ASSIGNMENT:
Restate the data word for word and leave the images out.

DATASET CONTENT:

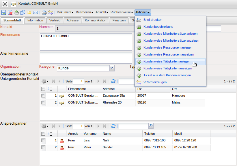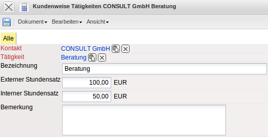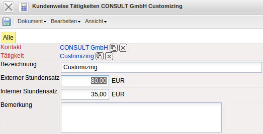 Die Kundenweisen Tätigkeiten ermöglichen die Definition von kundenbezogenen Berechnungssätzen auf Basis der Tätigkeiten. Die Verrechnungssätze der kundenbezogenen Tätigkeiten werden direkt aus dem Kontakt (Kunden) heraus definiert.
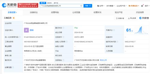天眼查App显示,近日,广州众合顺益营销服务有限公司成立,法定代表人为唐峰,注册资本200万人民币,经营范围含食品销售、食品互联网销售、广告制作等。股东信息显示,该公司由香飘飘(603711)全资持股。
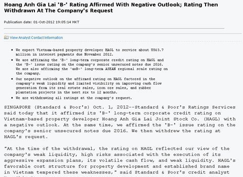 (VEF.VN) - Thông tin từ Standard & Poor's (S&P) ngày 1/10 cho biết, Công ty Cổ phần Hoàng Anh Gia Lai (HAG) của bầu Đức yêu cầu tổ chức này rút lại tất cả các mức xếp hạng đối với HAG. Như vậy, rất có thể đây là lần cuối S&P xếp hạng HAG.
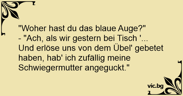 - "Ach, als wir gestern bei Tisch '... Und erlöse uns von dem Übel' gebetet haben, hab' ich zufällig meine Schwiegermutter angeguckt."

TASK ANSWER:
 Die Kundenweisen Tätigkeiten ermöglichen die Definition von kundenbezogenen Berechnungssätzen auf Basis der Tätigkeiten. Die Verrechnungssätze der kundenbezogenen Tätigkeiten werden direkt aus dem Kontakt (Kunden) heraus definiert.
天眼查App显示,近日,广州众合顺益营销服务有限公司成立,法定代表人为唐峰,注册资本200万人民币,经营范围含食品销售、食品互联网销售、广告制作等。股东信息显示,该公司由香飘飘(603711)全资持股。
 (VEF.VN) - Thông tin từ Standard & Poor's (S&P) ngày 1/10 cho biết, Công ty Cổ phần Hoàng Anh Gia Lai (HAG) của bầu Đức yêu cầu tổ chức này rút lại tất cả các mức xếp hạng đối với HAG. Như vậy, rất có thể đây là lần cuối S&P xếp hạng HAG.
 - "Ach, als wir gestern bei Tisch '... Und erlöse uns von dem Übel' gebetet haben, hab' ich zufällig meine Schwiegermutter angeguckt."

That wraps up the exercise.